BBWAA Watchdog is dedicated to exploring the voting records of the members of the Baseball Writers Association of America. Their general secrecy about their members, their refusal to open their ranks to journalists outside of the print media, and, primarily, their awful voting history for baseball's highest awards, demand that their collective words and deeds be documented and critically examined.

Monday, February 5, 2007

Morneau vs Mauer

Recently, the BBWAA's Minnesota chapter held their Diamond Awards ceremony, their year-end event to bestow local awards upon the best Twins players. This is held in conjunction with the Bob Allison Ataxia Research Center, with the proceeds from ticket sales going to fund research to fight ataxia, the neuromuscular disease that took Allison's life. It sounds like a wonderful cause, and I'm not saying that just because Bob Allison is the best baseball player to ever come out of The University of Kansas (although it helps).

They gave out awards to Francisco Liriano (Twins Rookie of the Year), Michael Cuddyer (Most Improved), a pair of their minor leaguers, and one to Torii Hunter for being a good interview. Harmon Killebrew got an award for community service. Brad Radke was given the Bob Allison Award for his leadership, and in a very touching moment, was also called to the stage unexpectedly by Johan Santana, who then gave his Twins Pitcher of the Year Award to the retiring Radke. Like I said, it sounds like a wonderful evening.
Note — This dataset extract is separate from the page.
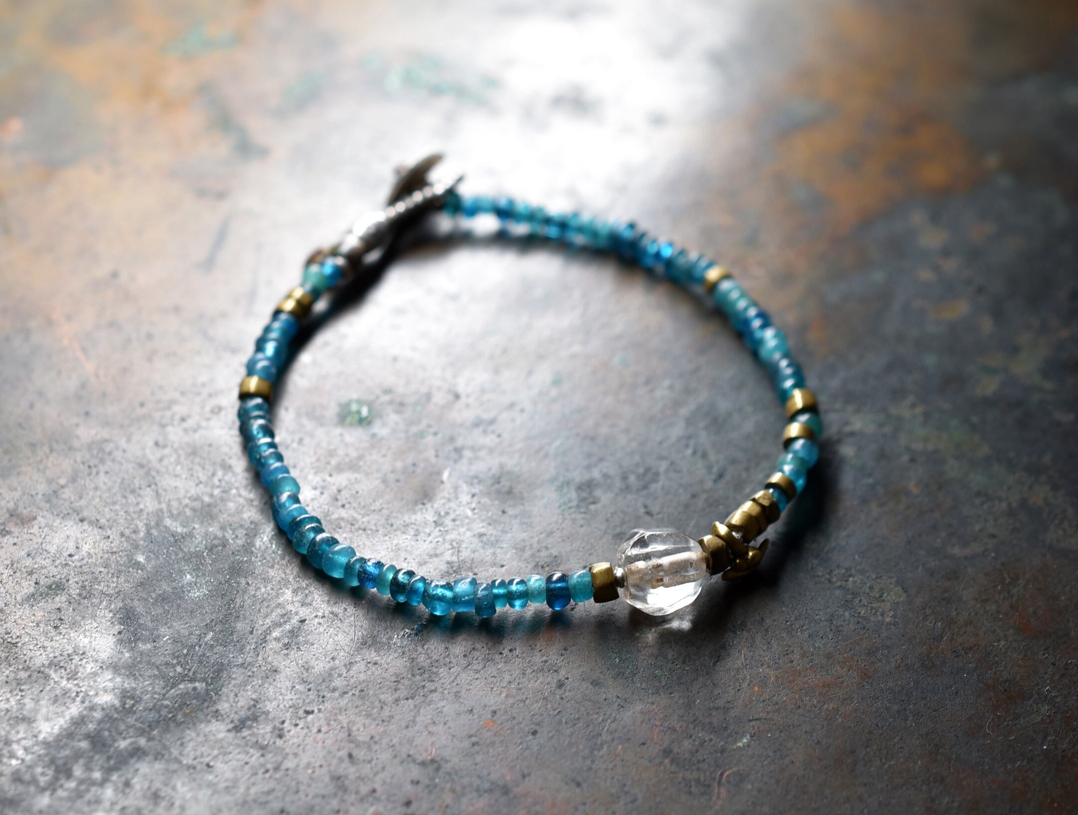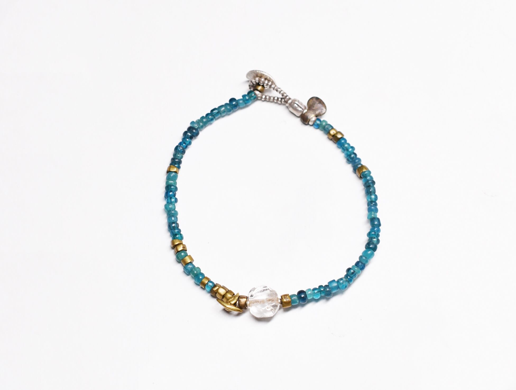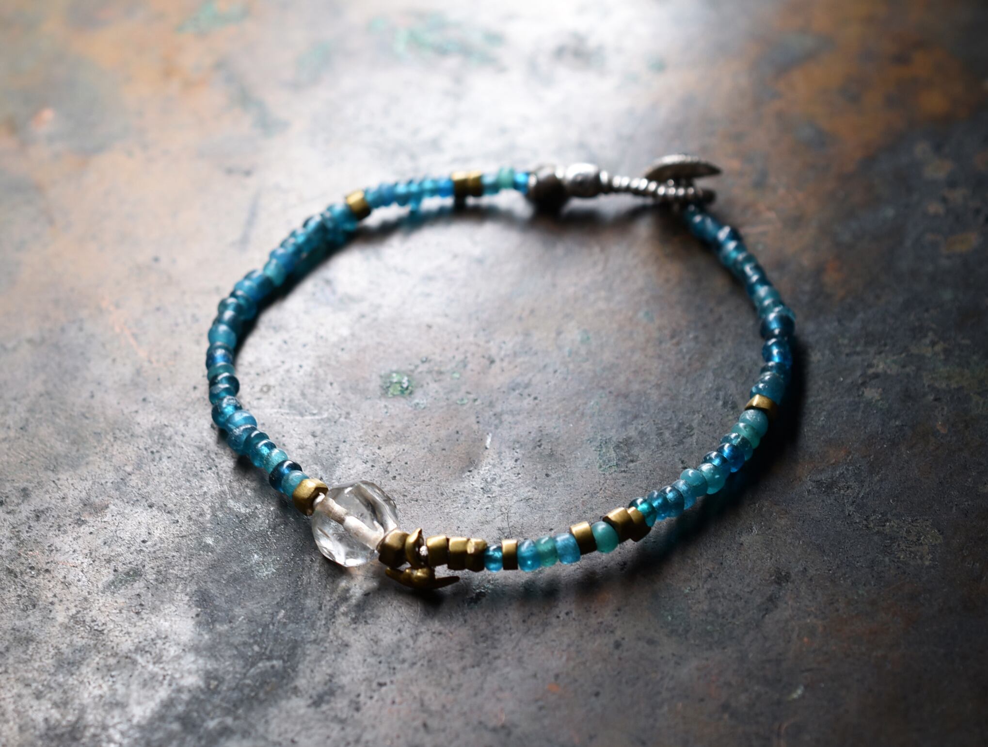 古代水晶をエメラルドブルーのアンティークビーズ、oldオリッサブラスで繋いだブレスです。
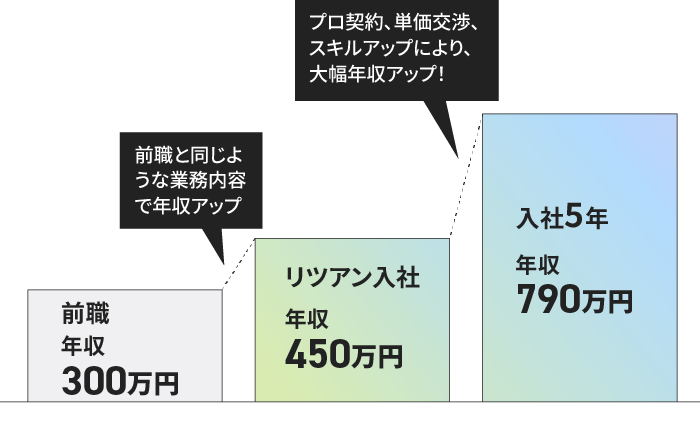 前職年収 300万 ▶︎ リツアン7年 740万永山 透生 2018年入社/ITエンジニア

Unfortunately, the local BBWAA chapter doesn't seem to know any more about player performance than the nationwide BBWAA membership, because they gave their Twins Player of the Year Award to Justin Morneau instead of Joe Mauer.

Look folks, this isn't that hard. Joe Mauer, while playing an infinitely more difficult defensive position, was a better offensive player than Justin Morneau last year. A few numbers:

OPS+: Mauer - 144; Morneau - 140
RC/27: Mauer - 8.23; Morneau - 7.92

In case you don't know what those are, OPS+ is a player's on-base percentage, plus slugging percentage (OPS) adjusted for his home ballpark and then compared to the league average. Average would be 100, so Mauer's 144 mark means he was 44% better offensively than a league-average hitter. Morneau was 40% better, still excellent, but short of Mauer's mark. And RC/27 is simply Runs Created per 27 Outs, essentially a representation of the number of runs per game that a team would score if all of their hitters were Joe Mauer or Justin Morneau. As you can see, the Mauer team would score about one-third of a run more each game than the Morneau team.

So there's that. Then add in the disparity in their defensive performances and it becomes even more clear that Mauer was the better player. Two more numbers:

WARP3: Mauer - 10.6; Morneau - 8.6
Win Shares: Mauer - 31; Morneau - 27

WARP stands for Wins Above Replacement Player, a stat created by the good folks at The Baseball Prospectus to measure the number of team wins that a player was worth over the contributions a replacement-level player would have provided. This is inclusive of a player's defense as well as offense, and the "3" appended to it means that the totals have been neutralized to account for the player's home ballpark and run-scoring era. Win Shares, courtesy of The Hardball Times, is Bill James' famous creation that does essentially the same thing as WARP only with a different scoring scale. As you can see, Mauer was clearly ahead of Morneau in each category.

In short, I don't care if the BBWAA as a whole was foolish enough to declare Justin Morneau the Most Valuable Player in the American League. He clearly wasn't, and one would hope that at least the local writers would have known better. Sadly, it appears they weren't able to figure out that Morneau wasn't even the best player on the team they cover for a living.